Powerful coal industry executives and lobbyists this week faced a withering round of criticism from regulators and congressional leaders for self-dealing business practices, refusing to disclose tax information, and shielding data about royalty payments from public scrutiny.
The criticism peaked at two congressional hearings Tuesday, the first of which featured former Montana Director of Revenue Dan Bucks, who has long criticized the coal industry for gaming the system to avoid royalties owed to taxpayers and shielding its finances from the public.
“Coal companies have the true facts within their own records and it’s all secret, and secret to the American people,” Bucks said in response to a question from Representative Matt Cartwright (D-PA) on transparency and available data from the industry.
Cartwright also said that coal operators are selling to subsidiary companies in what he described as a “sweetheart deal.”
“American taxpayers are being ripped off. It’s as simple as that.” Cartwright said in the hearing, which was called by a subcommittee of the House Energy Committee. He then went on to explain his bill, the Coal Royalties Fairness and Communities Investment Act, which would reform the coal program by “closing this loophole and ensuring the federal government receives fair compensation for the coal extracted from public lands.”
Coal companies have endured much critique this year for selling coal to their subsidiaries at artificially low prices to avoid royalty payments owed to American taxpayers. In response, Secretary of Interior Sally Jewell called for an open and honest conversation about the federal coal program, and launched a series of listening sessions in Washington, D.C. and across the West where hundreds of decision-makers, sportsmen’s groups, taxpayer watchdogs, and interested citizens called for a fair share of this publicly held resource.
At the other hearing, Janice Schneider, Assistant Secretary for Land and Minerals Management for the Department of Interior, refuted false claims from the industry on jobs. In October, the National Mining Association (NMA) released a report they commissioned claiming as many as 78,000 direct mining jobs could be lost by implementing a rule to protect streams and waterways from mining waste.
Schneider cited the Regulatory Impact Analysis in her testimony to the House Oversight Committee’s Subcommittee on the Interior, stating that the rule would result in a loss of about 260 coal mining jobs, and an addition of about 250 compliance jobs, essentially offsetting any net loss.
When asked about the NMA’s job estimates, Schneider debunked the report:
“Those numbers are not correct. The high end of those numbers are about the entire job numbers of this entire industry nationwide. This rule will not shut down the mining industry in the United States,” she said. “The real issue happening in the coal industry right now is an economic one.

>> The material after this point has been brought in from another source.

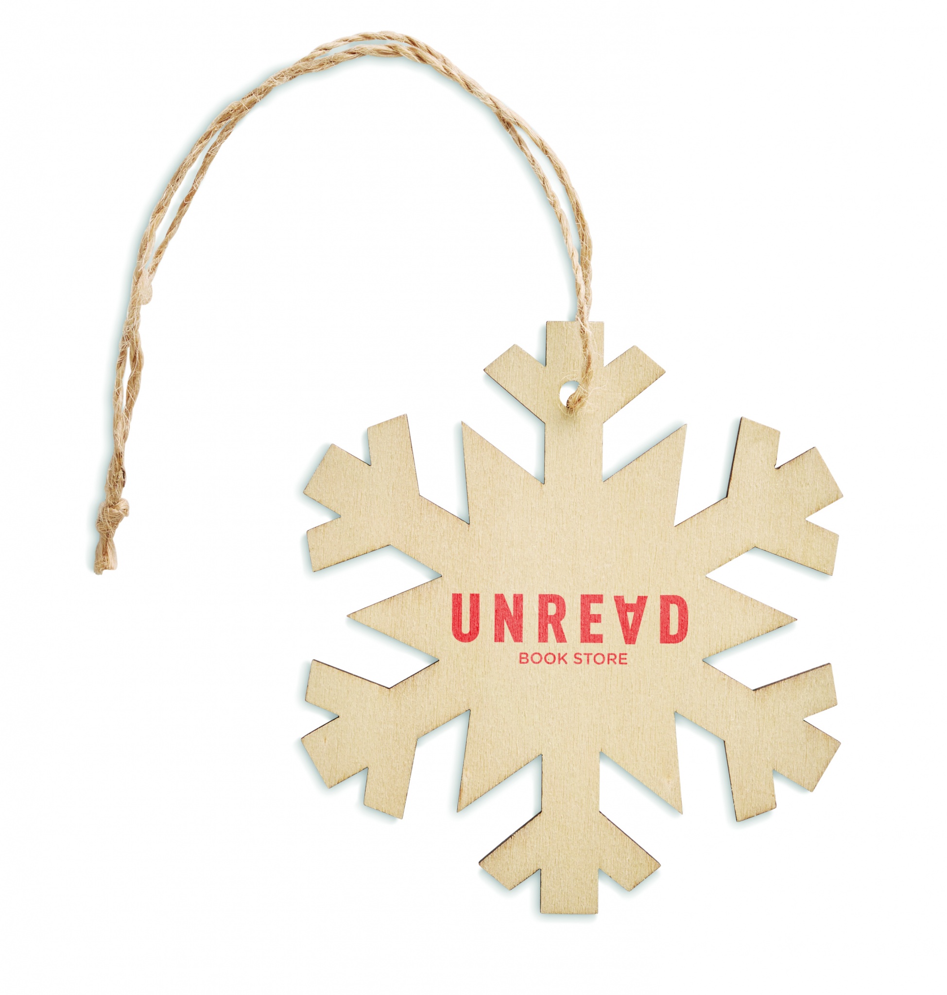 Деревянная подвеска из МДФ в форме снежинки с джутовым шнуром. Так как МДФ является натуральным материалом, у отдельных изделий могут быть небольшие различия в цвете и размере
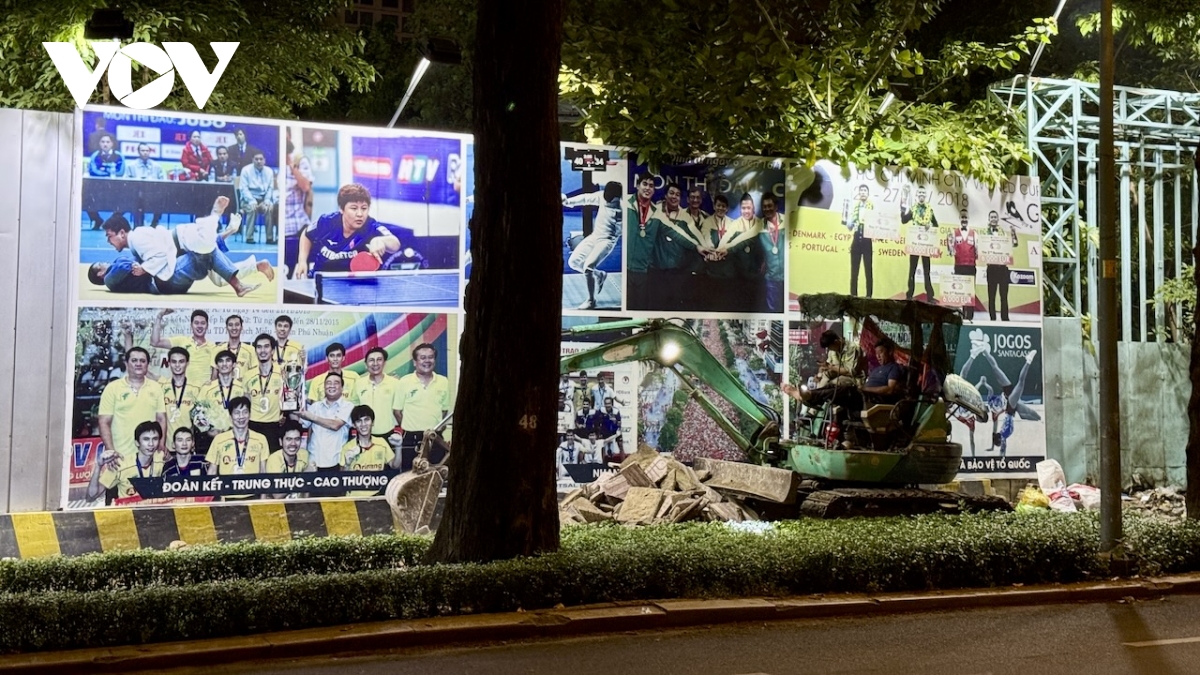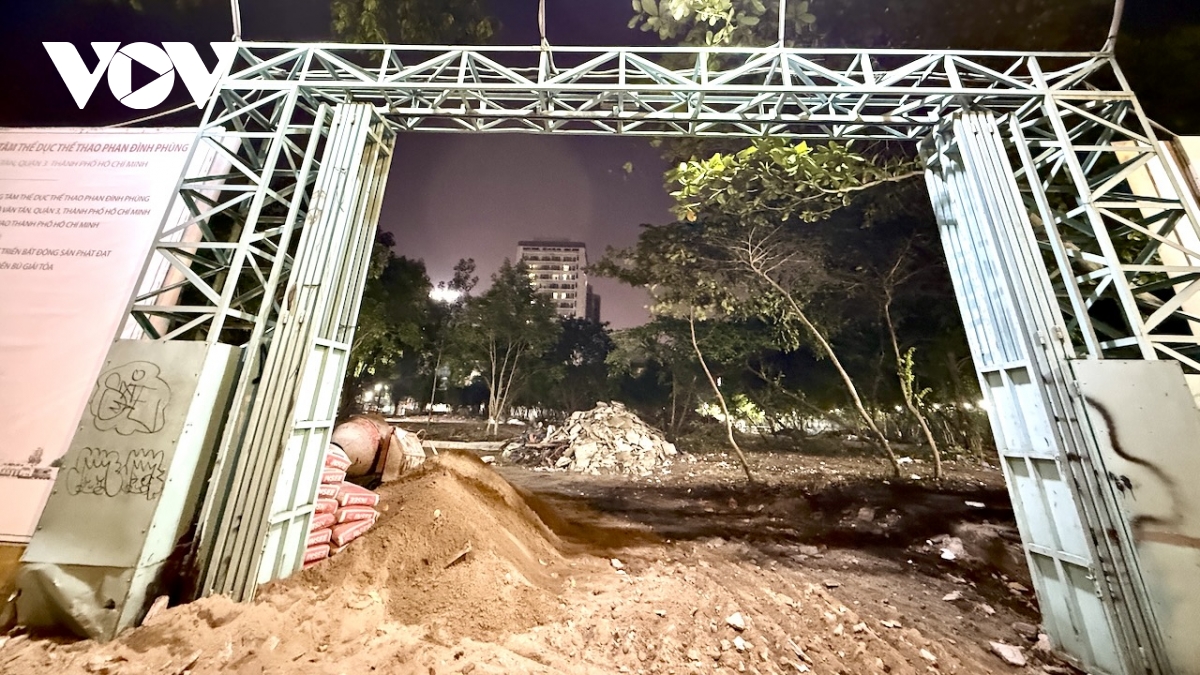 VOV.VN - Sau nhiều năm bỏ hoang, khu “đất vàng” nhà thi đấu Phan Đình Phùng đang được đánh thức bằng nhịp độ thi công khẩn trương suốt ngày đêm, để kịp trở thành không gian công cộng, vườn hoa phục vụ người dân trong dịp Tết Bính Ngọ 2026.

It is the abundance of natural gas, it is low price of natural gas, it is fuel switching by utilities to natural gas. That is decreasing the demand for coal and that is what is driving job losses in coal country.”
While coal industry lobbyists and some members of Congress attempted to prop up these discredited job numbers, consumer advocates continued to call for increased transparency.
Coal industry giant Cloud Peak Energy received a letter this week calling on the company to open its books and demonstrate that it is paying a fair share to U.S. taxpayers. The letter, lead by Public Citizen, follows on a growing body of evidence that Cloud Peak Energy and other major coal are selling coal to subsidiary companies at below market prices to dodge royalties owed to the American public.
“Coal companies have been gaming the system for years,” said Tyson Slocum, director of Public Citizen’s Energy Program. “Releasing this data will help Americans ensure that the sale of publicly owned coal is done in a way that delivers a fair return to all U.S. taxpayers and the states where the coal is produced.”
A new criticism of the coal industry also surfaced this week. The Extractive Industries Transparency Initiative (EITI) -– a joint effort by more than 40 countries to improve the transparency of oil, gas, and mining activities -– released data demonstrating that many of the top oil, gas, and coal companies in the U.S. are failing to disclose their federal tax information. Among those withholding this data are Alpha Natural Resources, Arch Coal, and Peabody Energy – three of the top four largest coal companies in the United States. Also on the list are oil and gas giants ExxonMobil, Chevron, and ConocoPhillips.